"Ich fühle mich schuldig"

Ein Gespräch mit dem Schauspieler und Regisseur Maximilian Schell

 

Auszug aus dem offiziellen Protokoll der Academy of Life
Veröffentlicht in der Wiener Zeitung vom 25./26. Jänner 2002
Redigiert von Eugen-Maria Schulak

 

Als Bühnen- und Filmschauspieler wie als Theater-, Film- und Opernregisseur ist der heute 71-jährige Maximilian Schell weltweit ein Begriff: 1961 gewann er den Oscar als bester Hauptdarsteller für die Rolle des Verteidigers in Stanley Kramers Film "Das Urteil von Nürnberg"; 1978 übernahm er bei den Salzburger Festspielen von Curd Jürgens die vielleicht prominenteste Rolle des deutschen Theaters: Hugo von Hofmannsthals "Jedermann", den er bis 1982 als gefeierter Gaststar interpretierte; 1985 wurde seine filmische Collage "Marlene" mit dem New York Film Critics Award ausgezeichnet und im Herbst 2001 inszenierte er Richard Wagners "Lohengrin" bei Placido Domingo, dem Direktor der Los Angeles Oper. Nach Wien kam Maximilian Schell auf Einladung der Siemens Academy of Life.

Wiener Zeitung: Wenn man die vielen Preise bedenkt, die Sie für Ihre Filme bekommen haben, teils als Schauspieler, teils als Regisseur, so fragt man sich zwangsläufig, ob Sie unter Erfolgszwang stehen?

Maximilian Schell: Das steht man, glaube ich, immer. Ich wehre mich sehr dagegen, denn ich finde, dass am wichtigsten ist, jemandem zu erlauben, Fehler zu begehen. Heutzutage ist es eben schwer, wenn man im Rampenlicht steht, dass man öffentlich Fehler begehen darf. Deshalb darf man dann die Irrtümer, die man macht, einfach nicht so ernst nehmen.

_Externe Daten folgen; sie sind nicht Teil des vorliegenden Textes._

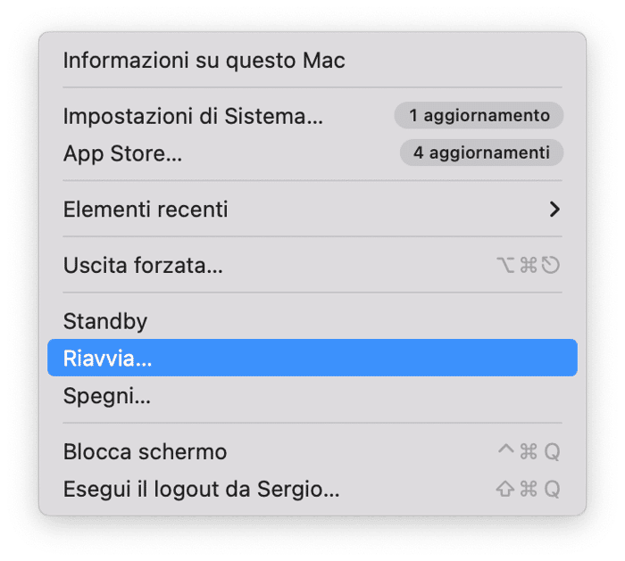 Se Teams ancora non funziona, prova a riavviare il Mac. Il riavvio permette di pulire la RAM, eliminare i file temporanei e, speriamo, risolvere il problema. Vai nel menu principale Apple e seleziona Riavvia.
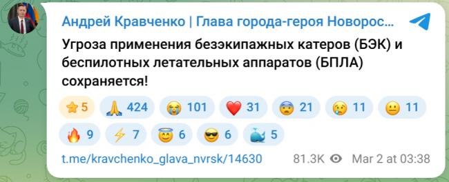 从周一凌晨3:38开始,克拉夫琴科在电报频道上陆续报告称有来自空中和海军无人机的威胁。大约30分钟后,他发布通报称“伊萨耶娃街至苏沃洛夫街的路堤区域”已封闭交通。

Wiener Zeitung: Wer hat eigentlich den Anstoß gegeben, dass Sie ans Theater gegangen sind?

Maximilian Schell: Na ja, mein Vater war Schriftsteller, meine Mutter Schauspielerin. Ich habe mit elf Jahren den Walter Tell gespielt, im Schauspielhaus Zürich. Ich habe die große Zeit des Schauspielhauses erlebt. Da war alle vierzehn Tage eine Premiere und man hat sich gegenseitig inspiriert. Das war eigentlich meine Lehrzeit. Ich habe dort viel zugeschaut und auch daneben den Walter Tell gespielt, vier Franken pro Aufführung bekommen, und das hat sich ganz einfach später so ergeben.

Wiener Zeitung: Sie sind in der Schweiz aufgewachsen?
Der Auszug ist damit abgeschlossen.